Threat actors, for all intents and purposes, are wise individuals. They have advanced minds and they always try to be a step ahead when it comes to covering their tracks before authorities and investigators complete the puzzle. Unfortunately, for some of them, they have not yet reached the art of cover-up as they leave their ‘digital footprints, which sooner or later allowed authorities to catch them for good.
This is what happened with Sergiy Getrovich Usatyuk, also known under the aliases: GIFTEDPV.P, GIFTEDPVP, Andy Quez, Andrew Quez, Andy and Sergio Usatyuk. The 20-year old resident of Chicago Illinois, he pleaded guilty for 8 campaigns of DDoS attacks under the domain names Zstress.net, Databooster.com, ExoStress.in, QuezStresser.com,Decafestresser, and Betabooster with enhancements provided by the botnet he also helps create. He initially launched his campaigns through the use of public rented servers.
“In just the first 13 months of the 27-month long conspiracy, the Subject Booters’ users ordered approximately 3,829,812 DDoS attacks. As of September 12, 2017, ExoStresser advertised on its website (exostress.in) that its booter service alone had launched 1,367,610 DDoS attacks, and caused targets to suffer 109,186.4 hours of network dowtime (4,549 days),” the court record said.
Usatyuk was caught due to his own negligence when his home IP address attempted to log in to the cloud servers was later found out during the digital forensic investigation. The IP address he used in Darien Illinois and Hollywood, Florida where verified as his by the investigators, which brought strong suspicion about his Internet activities. With the IP address in hand, authorities were able to detect the hosting provider, the chat logs and technical support correspondents between him and his ‘customers’ in this illegal DDoS business.

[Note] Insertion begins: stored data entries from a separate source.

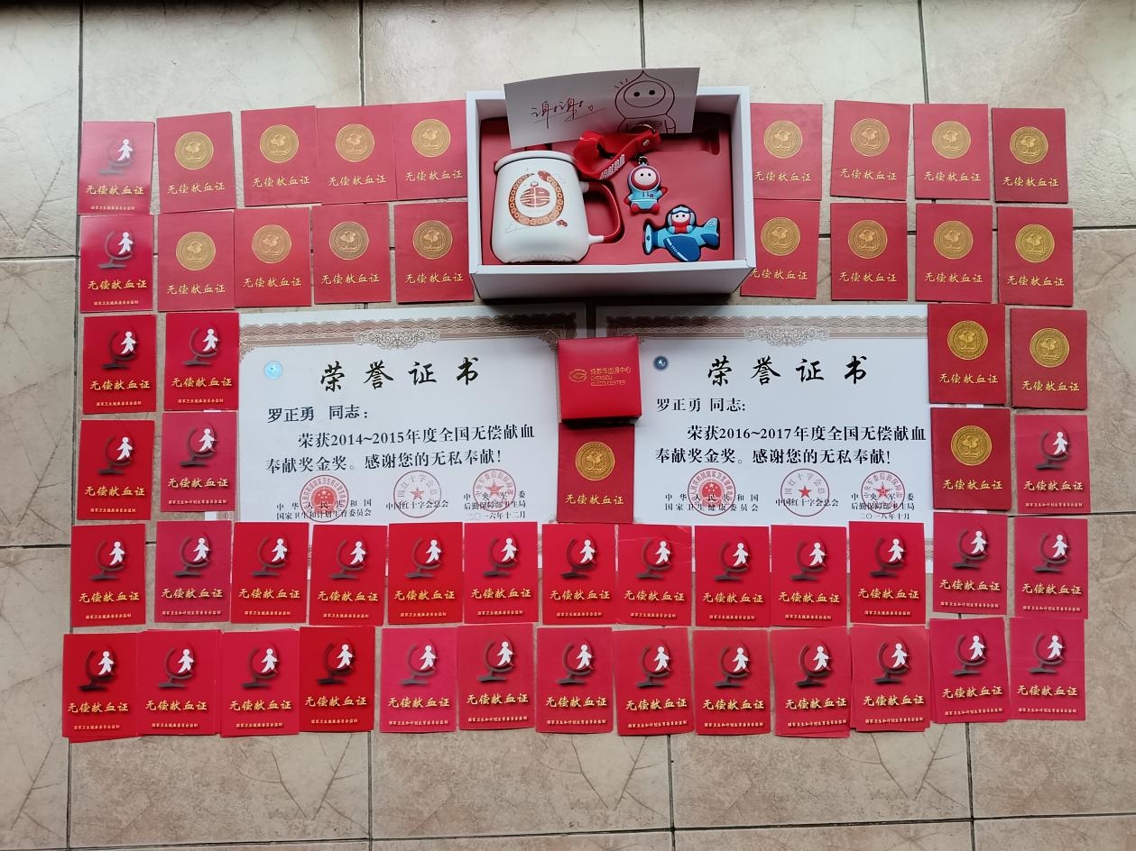 2月4日,是罗正勇61岁的生日。前一天,他收到一份生日礼物——一张献血证。“这是我最后一次献血。”罗正勇还参与成都市血液中心为献血者打造的专属“蛇舞新春喜游园”活动,领取到了新春款纪念品和新年糖果。家里的电视柜,摆满各式各样的献血纪念品,另存了100多张献血证。
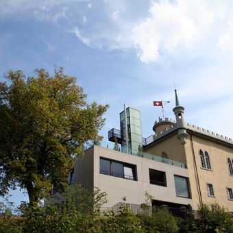 Sälischlössli stands on a hilltop with traditional Swiss architectural elements, displaying regional construction techniques through its stone and wooden components.
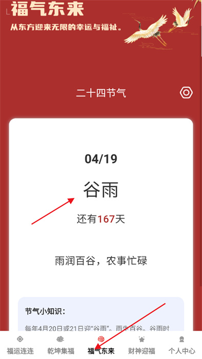 4、最后,再次切换页面,这里展示了日历上的二十四节气,每个节气都有他的含义,可精准判断季节的变化。
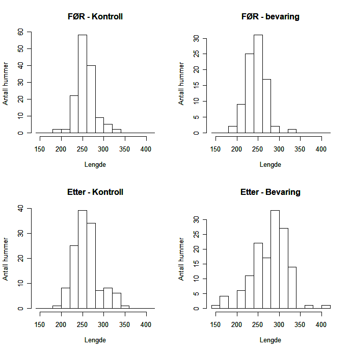 Gjennomsnittslengde kan være et upresist mål å bruke på utvikling i lengden på hummeren i hummerbestanden. Dersom mange hummere blir store, men det også kommer mange(?) små hummer vil gjennomsnittet forbli mer eller mindre det samme. Det kan likevel være en viktig biologisk verdi i å ha mange hummere i forskjellig alder og størrelse, enn å ha mange hummere like over minstemål. Ved å tegne histogrammer av lengder hos hummeren før og etter bevaring og innenfor og utenfor bevaringsområdet kan vi også studere utviklingen.
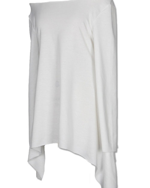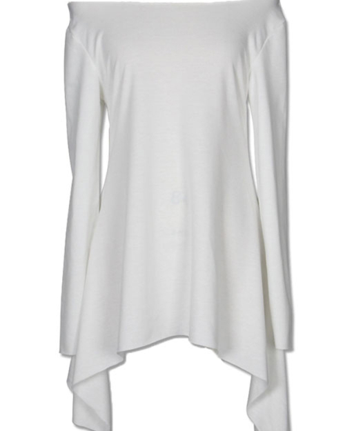 Leisure Dew Shoulder Asymmetrical White Polyester Mid Calf Dress
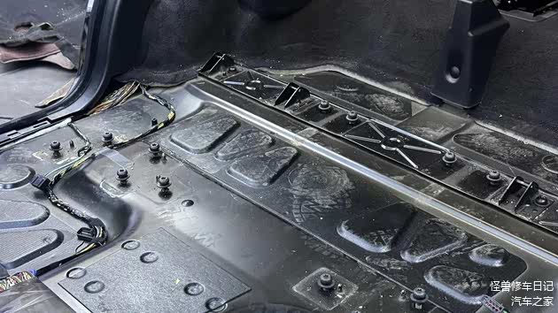 底板全面清洁干净,路虎的线束真的很恐怖,布置的密密麻麻。
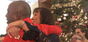 After dinner, I invited Santa to come to the tree and they began randomly selecting ornaments (with their aforementioned nametags) and announcing these as “winners” of a prize: the first winners won the center piece wreaths, then Santa selected the winners of the large wreaths and poinsettias decorating the staircase, and finally the grand prize winner was selected — Kathryn Davis the ED for the Trans Chorus was shocked when her name was read aloud by Santa, she had won the 11 foot Christmas tree!
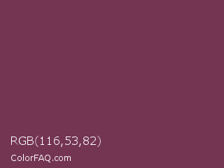 RGB 116,53,82 Color is a normal rose color and the nearest color is Cosmic #76395d. Hex code #743552 and RGB value is rgb(116,53,82). In RGB color space, this color is composed of 45% red, 21% green, 32% blue, In CMYK color space, this color is composed of 0% cyan, 54% magenta, 29% yellow , 55% black , In HSL color space, this color has a hue angle of 332° , 37% saturation and 33% lightness.
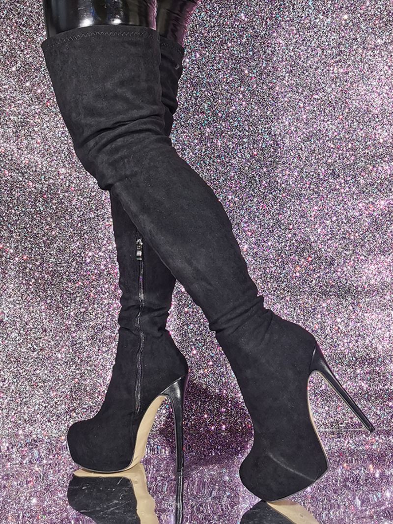 Dames Suède Dij Hoge Laarzen Sexy Zwarte Platform Hak Over Knie
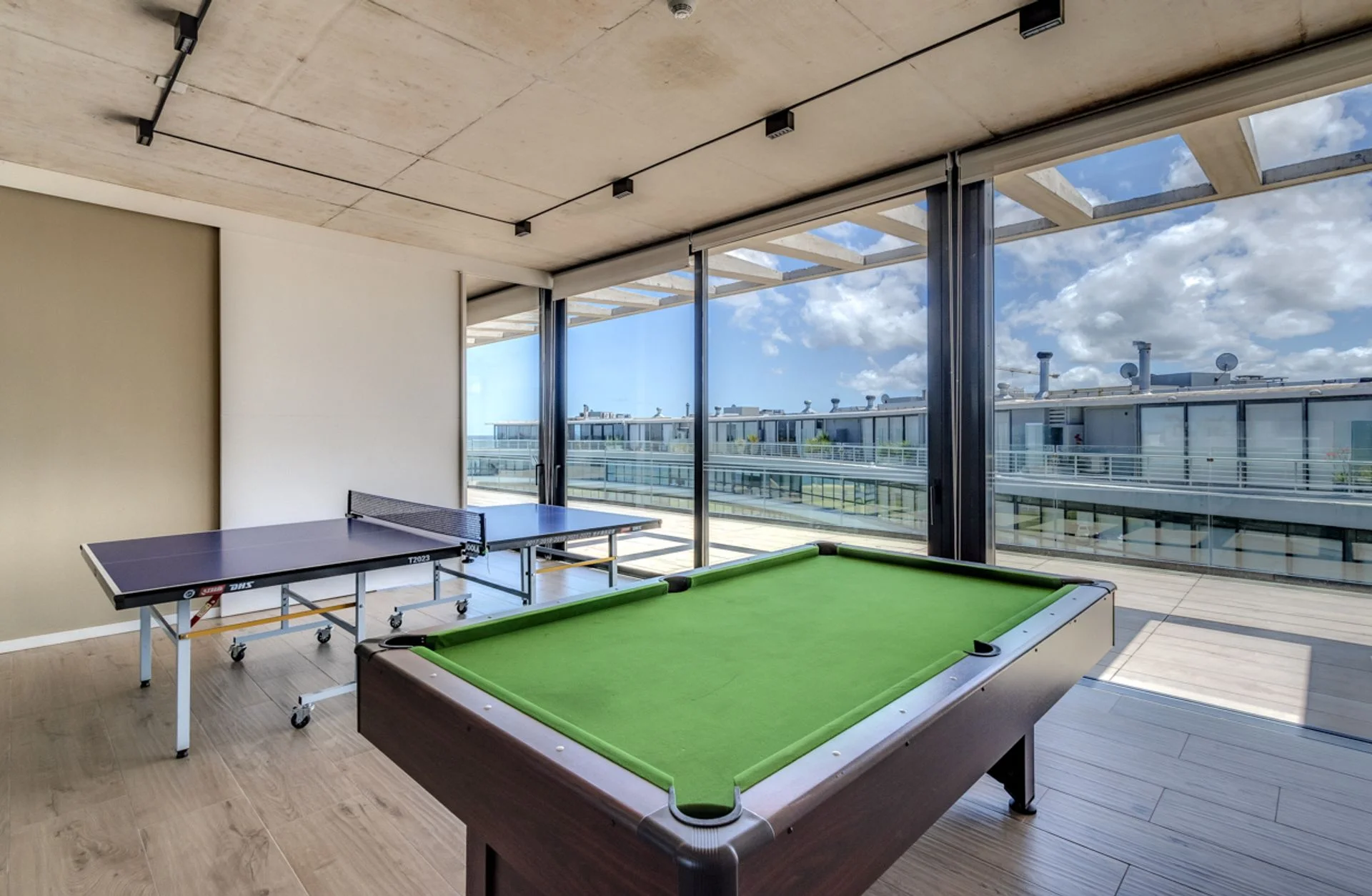 Espacios diseñados para cada etapa de la vida: salón de juegos para niños y un salón para adultos con mesa de pool y ping pong.
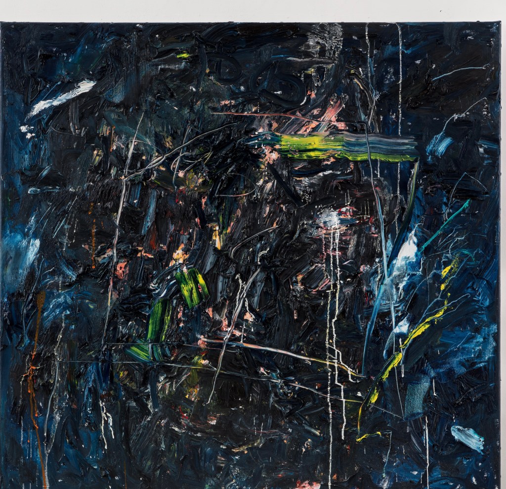 Govinda sees Blane’s allegiance as being to Freud: “She excavates the struggling fury with the human self, colour is aggressively applied without formal shapes or boundaries.” His descriptions are perceptive. Of the work illustrated here he says Blue Black Head is unsettling, “awash with intense, scribbling vivid colours” and Blue conveys “a far more tranquil inner landscape, like a musical interlude, a calm between storms”.
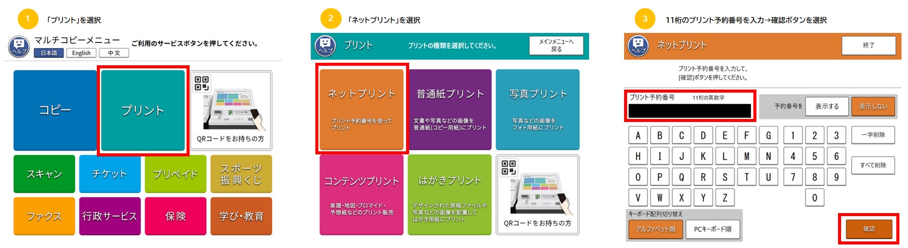⑤「プリント」→「ネットプリント」を選択し、プリント予約番号(11桁)を入力。
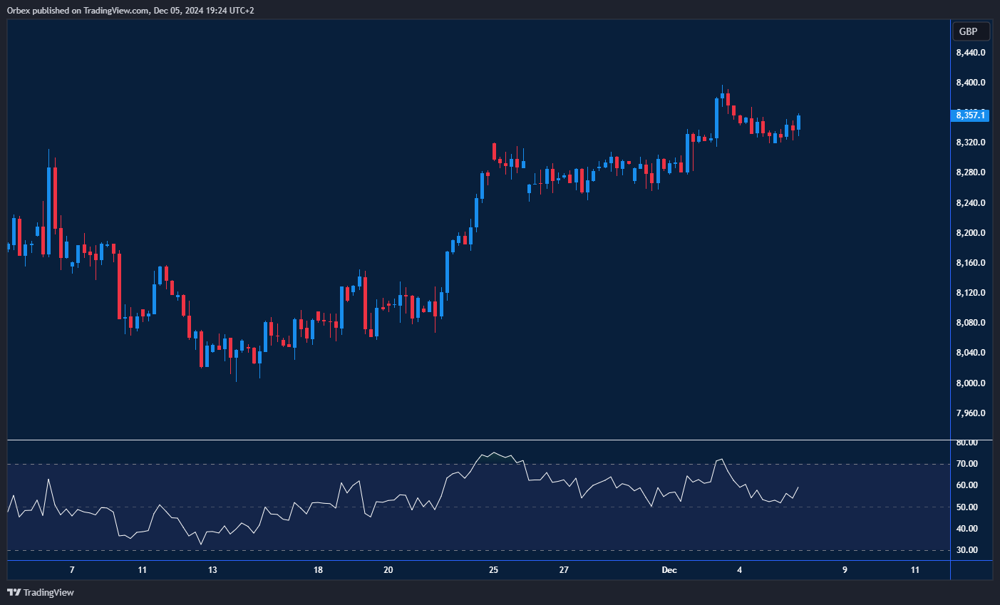 يواصل مؤشر فايننشال 100 (فوتسي) ارتفاعه قبل صدور بيانات الناتج الإجمالي المحلي. شهد الارتداد نحو القمة الأخيرة عند 8370 ضغط بيع قوي، تزامن مع خروج المشترين الذين كانوا محاصرين سابقًا من السوق بأقل خسائر ممكنة. يُعتبر مستوى 8320 هو الدعم الأحدث للحفاظ على الزخم الحالي، وكسره قد يعرض القاع الرباعي عند 8240 للخطر. ومع ذلك، إذا استطاع المشترون تجاوز مستوى 8400، فقد يؤدي ذلك إلى موجة صعود ممتدة تدفع المؤشر نحو قمم جديدة.
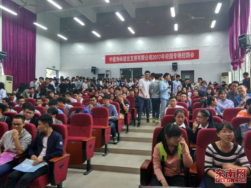 东南网10月13日讯(本网大学生记者郭小锋)10月12日,中建海峡建设发展有限公司2017年校招宣讲会在福建工程学院旗山校区就业报告厅举办。本次招聘会吸引了工程造价、工程管理、土木工程、材料科学与工程、会计学等众多专业500余名应届毕业生前来应聘,宣讲会还没开始,现场就已座无虚席。
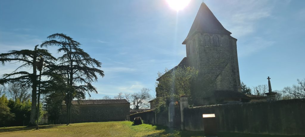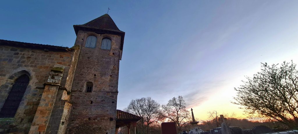 On met les voiles à travers les superbes paysages du Béarn, des collines verdoyantes, des fermes pittoresques et des routes sinueuses où chaque virage réserve une nouvelle carte postale. En fin d’après-midi, on atterrit à Loissan, un hameau si petit qu’on se demande si Google Maps ne l’a pas inventé juste pour nous. Notre bivouac du soir sera parfaitement calme, juste à côté de l’église et du cimetière, une nuit sereine s’annonce.
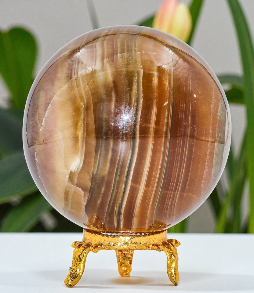 A+ Amarillo FLUORITA Cristal Esfera Curación Piedra Metafísica Decoración...
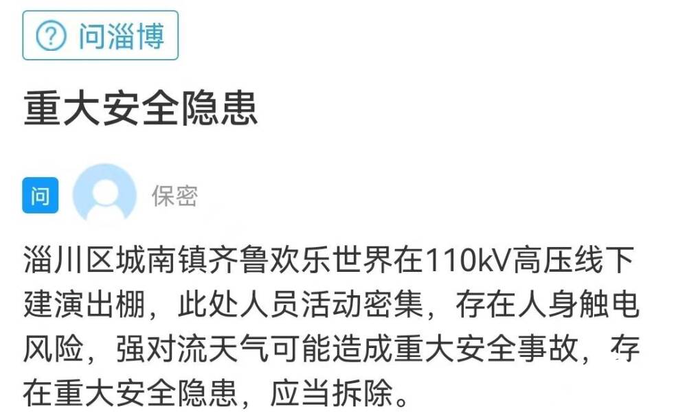 淄博市收到问题,进行了办理并回复说:立即责成淄川区政府调查处理,现将相关情况答复如下:经实地调查论证,淄博供电公司向文化和旅游局出具了《关于高压线路保护区内违法建设造成安全隐患的函》,认为在高压线下搭建马戏团大棚存在严重安全隐患并涉嫌违法。为确保游客人身安全和景区生产安全,文化和旅游局已责令景区立即停止马戏团演出,现已拆除马戏棚。
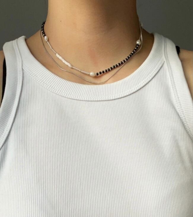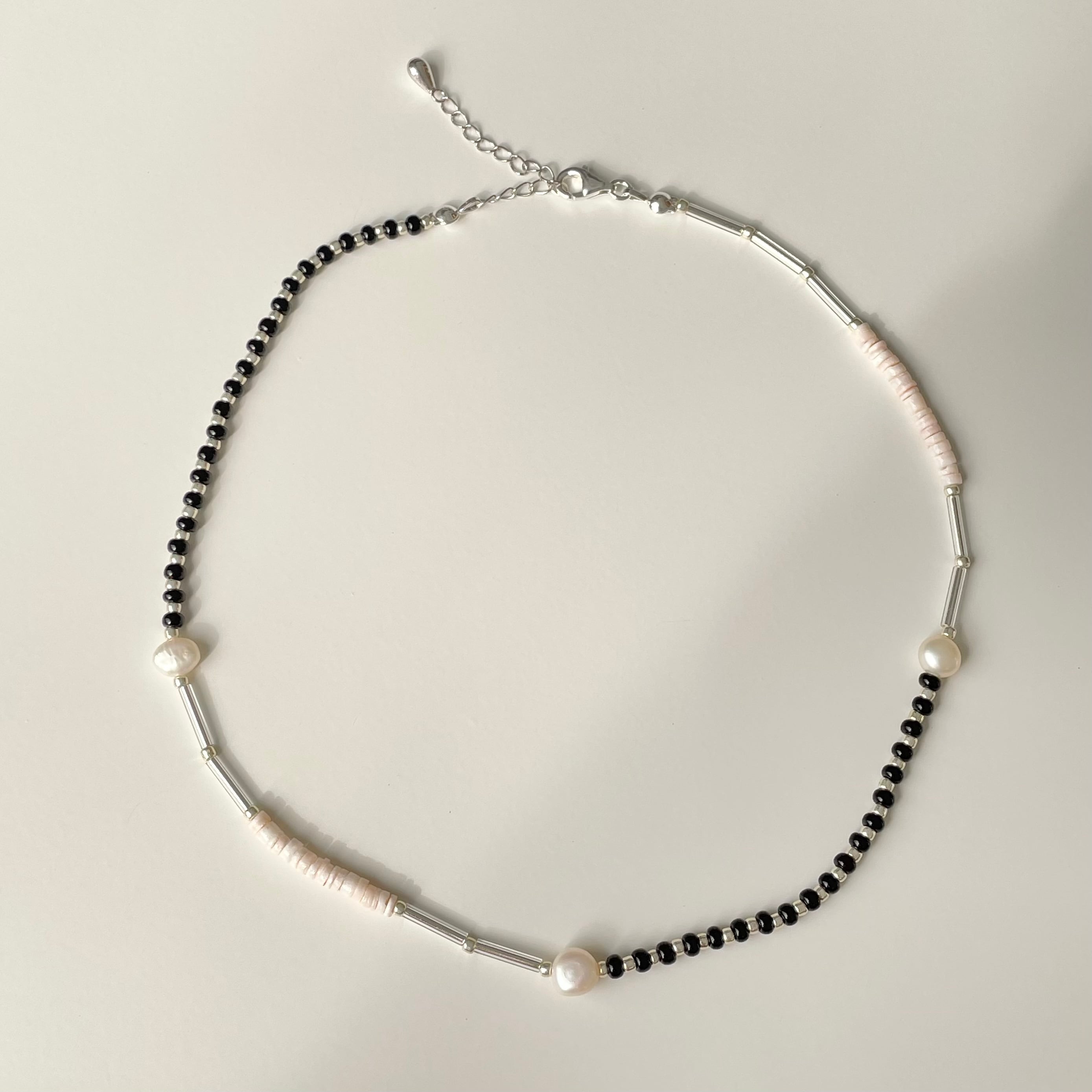淡水パール、シェルビーズを用いたネックレスです。

“For over two years, Sergiy Usatyuk conspired to launch millions of DDoS attacks that paralyzed the computer systems of U.S. organizations for more than 100,000 hours. The Criminal Division and our law enforcement partners will remain vigilant in protecting the American public by prosecuting the cybercriminals responsible for these sophisticated and harmful schemes,” emphasized Assistant Attorney General Benczkowski.
The surveillance leading to the arrest of Usatyuk is not easy, since the surveillance started 3 years ago, in 2016. Of all his services, ExoStresser is one of the most successful, as his customers can easily launch DDoS attacks against a target of their own choosing. Including DDoS attacks against a school by its own student, who was his customer.
“The Subject Booters’ DDoS attacks also harmed computer systems that were not directly targeted. For example, in November 2016, a Betabooter subscriber launched a series of DDoS attacks against a school district in Pittsburgh, Pennsylvania area that not only disrupted the school district’s computer systems, but affected the computer systems of seventeen organizations that shared the same computer infrastructure. Including other school districts, the county government, the county’s career and technology centers and a Catholic Diocese in the area,” the court record explained.
DDoS-for-hire businesses are not new in the field of cybersecurity field, but not a popular one either. The people behind it uses botnets in order to hide from forensics, however, human mistakes of the people behind it may one way or another can blew their cover. “DDoS-for-hire services pose a malicious threat to the citizens of our district, as well as districts across the country, by impeding critical access to the internet and jeopardizing safety and security in the process. The operation and use of these services to disrupt the operations of our businesses and other institutions cannot be tolerated. Anyone who weaponizes web traffic in this manner will be vigorously pursued and prosecuted by my office,” concluded U.S. Attorney Higdon.